------ Extracted records ------

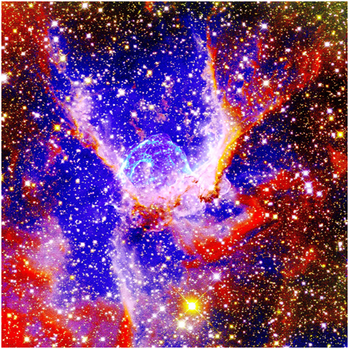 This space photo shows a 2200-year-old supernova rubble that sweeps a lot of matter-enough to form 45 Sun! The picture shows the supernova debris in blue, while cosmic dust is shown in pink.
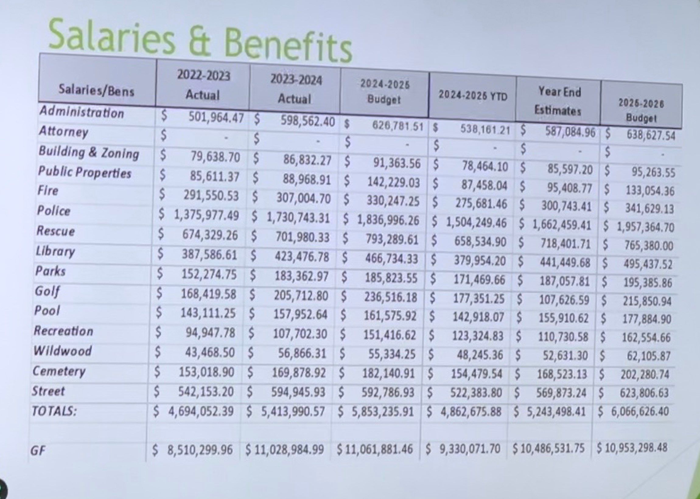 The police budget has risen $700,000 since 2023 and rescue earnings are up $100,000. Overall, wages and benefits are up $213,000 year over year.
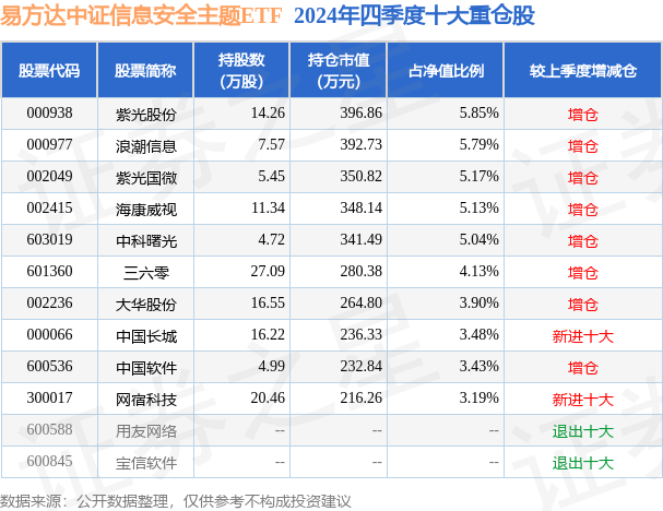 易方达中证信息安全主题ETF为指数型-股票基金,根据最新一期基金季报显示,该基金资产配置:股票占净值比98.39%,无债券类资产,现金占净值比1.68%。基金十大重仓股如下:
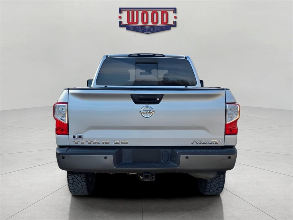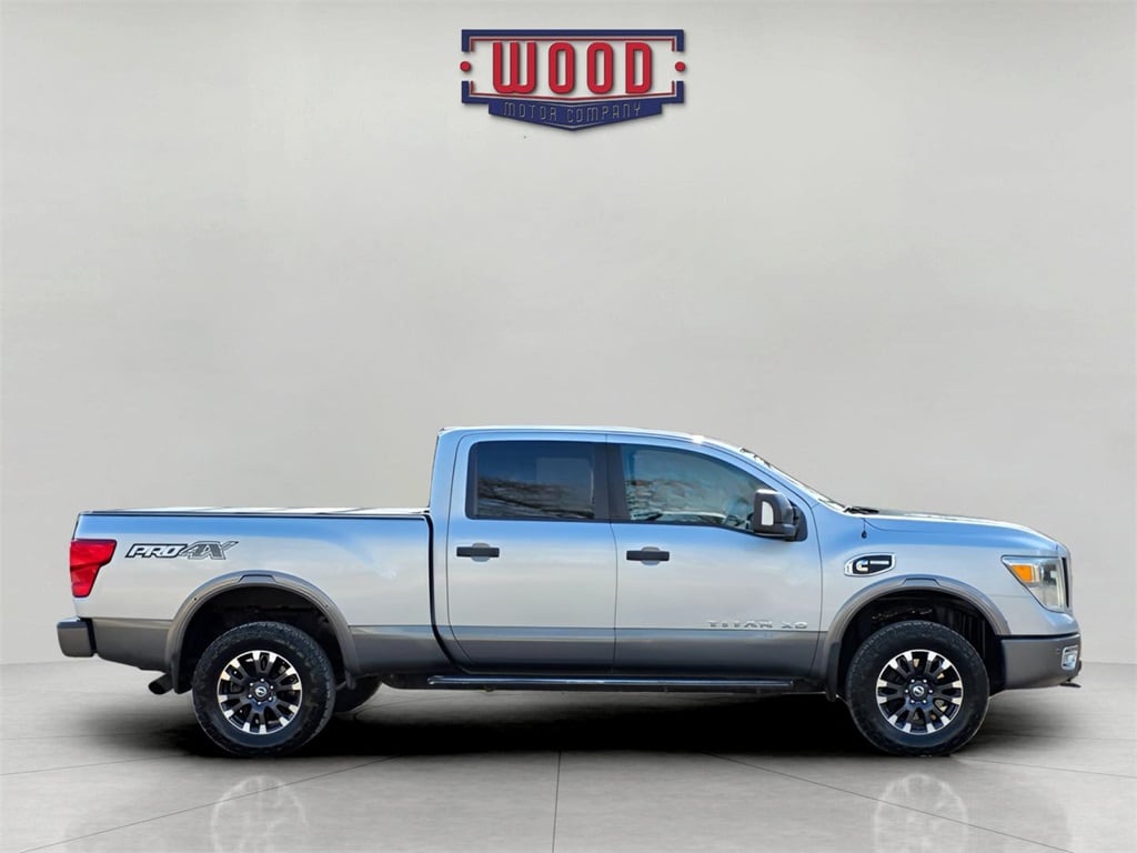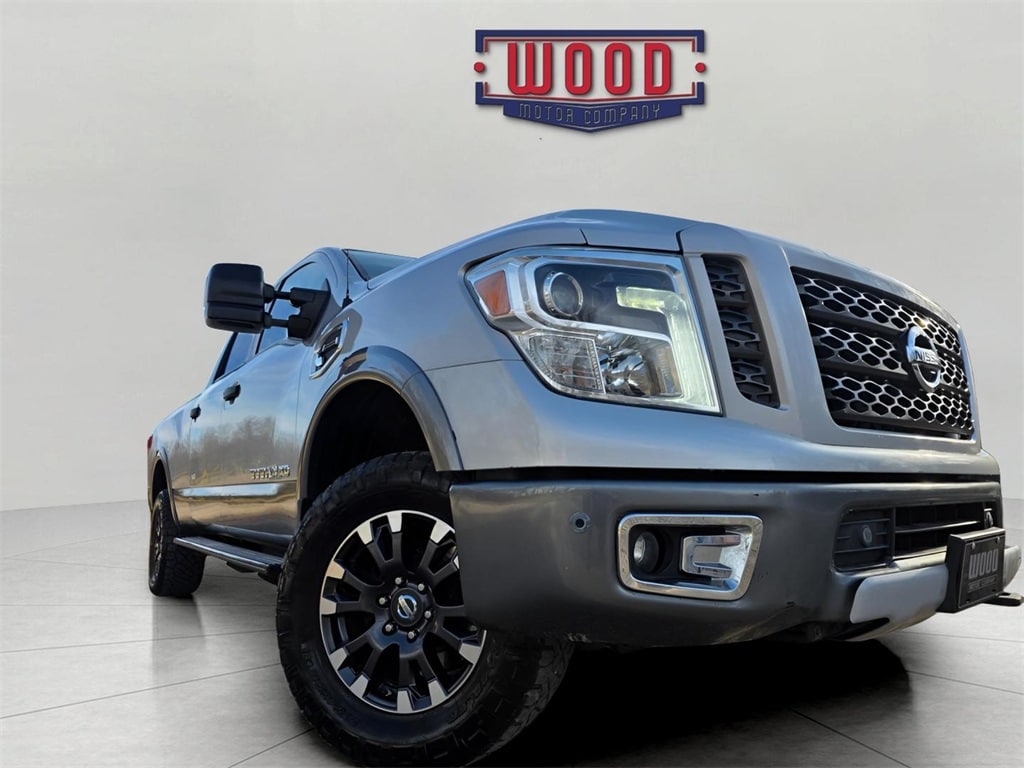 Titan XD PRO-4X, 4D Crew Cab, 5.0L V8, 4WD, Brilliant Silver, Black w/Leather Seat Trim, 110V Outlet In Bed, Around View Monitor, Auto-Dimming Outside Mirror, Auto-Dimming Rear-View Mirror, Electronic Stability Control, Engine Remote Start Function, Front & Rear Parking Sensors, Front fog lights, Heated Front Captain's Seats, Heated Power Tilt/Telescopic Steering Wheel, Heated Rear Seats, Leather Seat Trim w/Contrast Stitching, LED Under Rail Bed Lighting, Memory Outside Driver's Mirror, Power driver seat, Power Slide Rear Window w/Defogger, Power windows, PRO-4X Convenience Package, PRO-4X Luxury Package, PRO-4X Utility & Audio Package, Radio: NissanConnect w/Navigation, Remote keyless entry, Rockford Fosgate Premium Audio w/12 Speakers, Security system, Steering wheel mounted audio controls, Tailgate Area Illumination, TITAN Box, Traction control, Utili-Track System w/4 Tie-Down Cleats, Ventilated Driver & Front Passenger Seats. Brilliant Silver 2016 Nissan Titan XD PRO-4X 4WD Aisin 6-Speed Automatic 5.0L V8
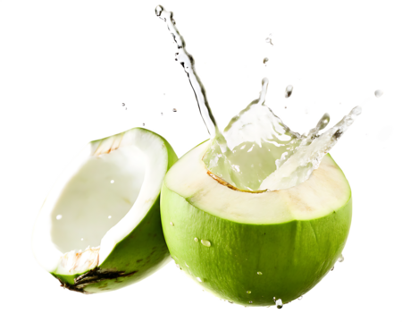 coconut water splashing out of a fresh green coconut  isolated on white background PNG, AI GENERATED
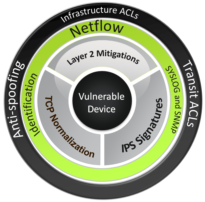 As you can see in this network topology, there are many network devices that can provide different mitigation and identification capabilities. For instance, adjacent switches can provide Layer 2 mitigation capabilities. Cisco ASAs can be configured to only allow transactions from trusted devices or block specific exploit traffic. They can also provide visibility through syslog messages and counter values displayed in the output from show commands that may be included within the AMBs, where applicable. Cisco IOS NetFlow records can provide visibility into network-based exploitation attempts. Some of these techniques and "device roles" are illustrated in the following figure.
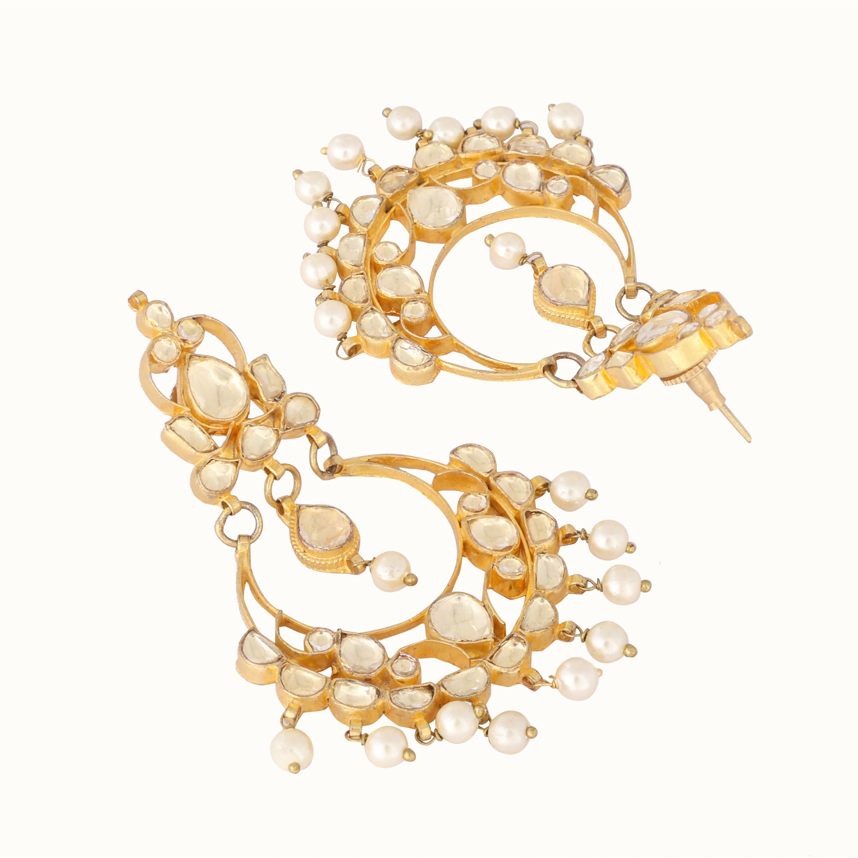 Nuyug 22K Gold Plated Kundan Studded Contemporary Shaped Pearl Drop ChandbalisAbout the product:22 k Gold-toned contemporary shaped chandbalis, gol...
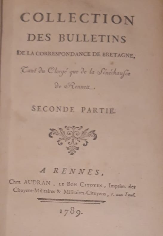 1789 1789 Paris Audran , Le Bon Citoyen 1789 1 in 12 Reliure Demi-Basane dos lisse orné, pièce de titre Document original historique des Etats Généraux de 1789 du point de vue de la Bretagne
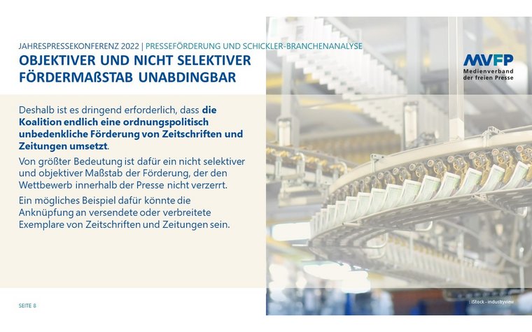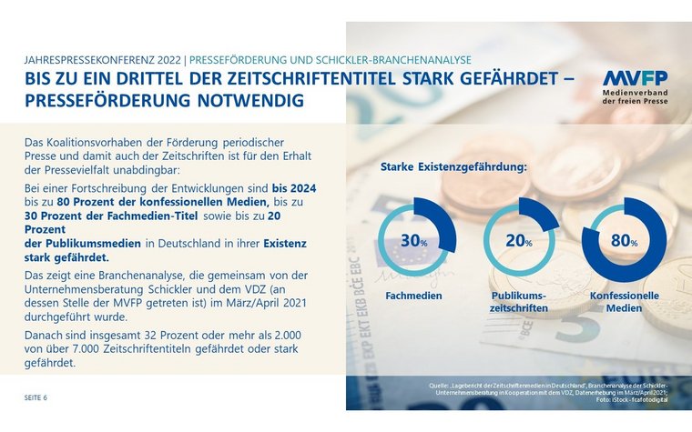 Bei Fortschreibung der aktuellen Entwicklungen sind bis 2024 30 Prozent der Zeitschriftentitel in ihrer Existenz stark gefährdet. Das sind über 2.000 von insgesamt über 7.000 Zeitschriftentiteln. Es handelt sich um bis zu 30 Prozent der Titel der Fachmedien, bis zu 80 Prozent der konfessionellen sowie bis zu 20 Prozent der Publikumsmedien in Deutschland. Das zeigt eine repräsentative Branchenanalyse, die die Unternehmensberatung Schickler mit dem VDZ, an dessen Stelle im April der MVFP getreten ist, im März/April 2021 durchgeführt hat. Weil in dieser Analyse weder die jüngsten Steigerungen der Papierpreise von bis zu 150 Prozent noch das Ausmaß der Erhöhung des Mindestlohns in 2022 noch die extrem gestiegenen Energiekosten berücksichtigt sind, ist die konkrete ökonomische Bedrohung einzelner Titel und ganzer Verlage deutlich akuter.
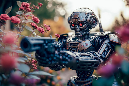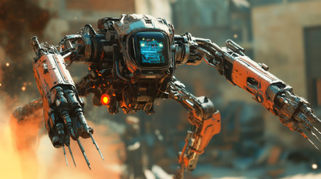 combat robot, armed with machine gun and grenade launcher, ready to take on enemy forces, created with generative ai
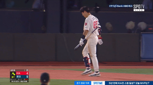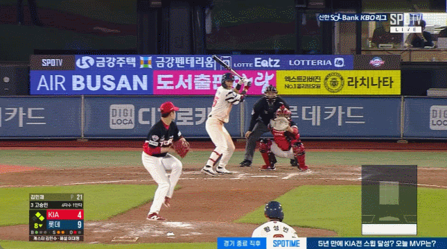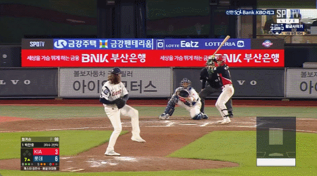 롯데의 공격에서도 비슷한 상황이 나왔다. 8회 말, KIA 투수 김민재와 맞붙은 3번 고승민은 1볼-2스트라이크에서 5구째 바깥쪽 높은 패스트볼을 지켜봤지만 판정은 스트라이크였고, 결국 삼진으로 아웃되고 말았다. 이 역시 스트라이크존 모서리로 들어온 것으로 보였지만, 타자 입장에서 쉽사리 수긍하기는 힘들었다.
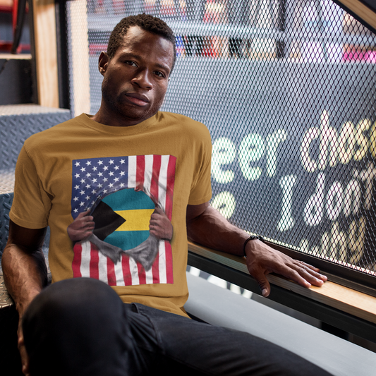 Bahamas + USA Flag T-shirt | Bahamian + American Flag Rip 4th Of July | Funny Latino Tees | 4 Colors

------

▶ **Task objective**
Repeat the data exactly, excluding the pictures.

▶ **Result for this task**
 This space photo shows a 2200-year-old supernova rubble that sweeps a lot of matter-enough to form 45 Sun! The picture shows the supernova debris in blue, while cosmic dust is shown in pink.
 The police budget has risen $700,000 since 2023 and rescue earnings are up $100,000. Overall, wages and benefits are up $213,000 year over year.
 易方达中证信息安全主题ETF为指数型-股票基金,根据最新一期基金季报显示,该基金资产配置:股票占净值比98.39%,无债券类资产,现金占净值比1.68%。基金十大重仓股如下:
 Titan XD PRO-4X, 4D Crew Cab, 5.0L V8, 4WD, Brilliant Silver, Black w/Leather Seat Trim, 110V Outlet In Bed, Around View Monitor, Auto-Dimming Outside Mirror, Auto-Dimming Rear-View Mirror, Electronic Stability Control, Engine Remote Start Function, Front & Rear Parking Sensors, Front fog lights, Heated Front Captain's Seats, Heated Power Tilt/Telescopic Steering Wheel, Heated Rear Seats, Leather Seat Trim w/Contrast Stitching, LED Under Rail Bed Lighting, Memory Outside Driver's Mirror, Power driver seat, Power Slide Rear Window w/Defogger, Power windows, PRO-4X Convenience Package, PRO-4X Luxury Package, PRO-4X Utility & Audio Package, Radio: NissanConnect w/Navigation, Remote keyless entry, Rockford Fosgate Premium Audio w/12 Speakers, Security system, Steering wheel mounted audio controls, Tailgate Area Illumination, TITAN Box, Traction control, Utili-Track System w/4 Tie-Down Cleats, Ventilated Driver & Front Passenger Seats. Brilliant Silver 2016 Nissan Titan XD PRO-4X 4WD Aisin 6-Speed Automatic 5.0L V8
 coconut water splashing out of a fresh green coconut  isolated on white background PNG, AI GENERATED
 As you can see in this network topology, there are many network devices that can provide different mitigation and identification capabilities. For instance, adjacent switches can provide Layer 2 mitigation capabilities. Cisco ASAs can be configured to only allow transactions from trusted devices or block specific exploit traffic. They can also provide visibility through syslog messages and counter values displayed in the output from show commands that may be included within the AMBs, where applicable. Cisco IOS NetFlow records can provide visibility into network-based exploitation attempts. Some of these techniques and "device roles" are illustrated in the following figure.
 Nuyug 22K Gold Plated Kundan Studded Contemporary Shaped Pearl Drop ChandbalisAbout the product:22 k Gold-toned contemporary shaped chandbalis, gol...
 1789 1789 Paris Audran , Le Bon Citoyen 1789 1 in 12 Reliure Demi-Basane dos lisse orné, pièce de titre Document original historique des Etats Généraux de 1789 du point de vue de la Bretagne
 Bei Fortschreibung der aktuellen Entwicklungen sind bis 2024 30 Prozent der Zeitschriftentitel in ihrer Existenz stark gefährdet. Das sind über 2.000 von insgesamt über 7.000 Zeitschriftentiteln. Es handelt sich um bis zu 30 Prozent der Titel der Fachmedien, bis zu 80 Prozent der konfessionellen sowie bis zu 20 Prozent der Publikumsmedien in Deutschland. Das zeigt eine repräsentative Branchenanalyse, die die Unternehmensberatung Schickler mit dem VDZ, an dessen Stelle im April der MVFP getreten ist, im März/April 2021 durchgeführt hat. Weil in dieser Analyse weder die jüngsten Steigerungen der Papierpreise von bis zu 150 Prozent noch das Ausmaß der Erhöhung des Mindestlohns in 2022 noch die extrem gestiegenen Energiekosten berücksichtigt sind, ist die konkrete ökonomische Bedrohung einzelner Titel und ganzer Verlage deutlich akuter.
 combat robot, armed with machine gun and grenade launcher, ready to take on enemy forces, created with generative ai
 롯데의 공격에서도 비슷한 상황이 나왔다. 8회 말, KIA 투수 김민재와 맞붙은 3번 고승민은 1볼-2스트라이크에서 5구째 바깥쪽 높은 패스트볼을 지켜봤지만 판정은 스트라이크였고, 결국 삼진으로 아웃되고 말았다. 이 역시 스트라이크존 모서리로 들어온 것으로 보였지만, 타자 입장에서 쉽사리 수긍하기는 힘들었다.
 Bahamas + USA Flag T-shirt | Bahamian + American Flag Rip 4th Of July | Funny Latino Tees | 4 Colors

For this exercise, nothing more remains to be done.